I'd like to understand if there's a mechanism to control batch sizes being sent from server to client.
I've implemented the python server from the Github repo and a basic F# client.
As a test, I've added a flight containing 1 million rows which I'd like to send back to the client. At first, the client fails with the following GRPC exception.
One or more errors occurred. (Status(StatusCode="ResourceExhausted", Detail="Received message exceeds the maximum configured message size."))
As suggested, the message size has been exceeded. As a fix, I can set the maximum allowed grpc message size to be unlimited i.e.
let ops = new GrpcChannelOptions()
ops.MaxReceiveMessageSize <- Nullable()
let downloadChannel = GrpcChannel.ForAddress(uri, ops)
let downloadClient = new FlightClient(download_channel)
However, I'd like to understand if there's a way to set the batch size being sent to the client from the server i.e. in the do_get method of the server
def do_get(self, context, ticket):
key = ast.literal_eval(ticket.ticket.decode())

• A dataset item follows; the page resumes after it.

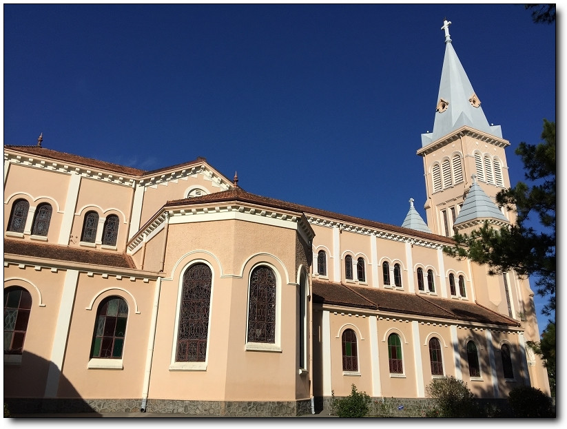 大叻天主教堂始建于1931年,从外观上看起来像一个欧洲中世纪大教堂,是这座城市的地标建筑之一,这座欧洲哥特式建筑拥有引人注目的尖顶钟楼。

if key not in self.flights:
return None
return pyarrow.flight.RecordBatchStream(self.flights[key])
I'd like to set the batch size when creating pyarrow.flight.RecordBatchStream. Looking at the documentation, the options specified using pyarrow.ipc.IpcWriteOptions doesn't allow the batch size to be set?
Thanks in advance for any help :)
UPDATE - see the accepted answer below which led me down the correct path. I've updated my code as follows to fix the issue.
def do_get(self, context, ticket):
key = ast.literal_eval(ticket.ticket.decode())
if key not in self.flights:
return None
reader = pyarrow.ipc.RecordBatchReader().from_batches(self.flights[key].schema, pyarrow.Table.to_batches(self.flights[key]))
return pyarrow.flight.RecordBatchStream(reader)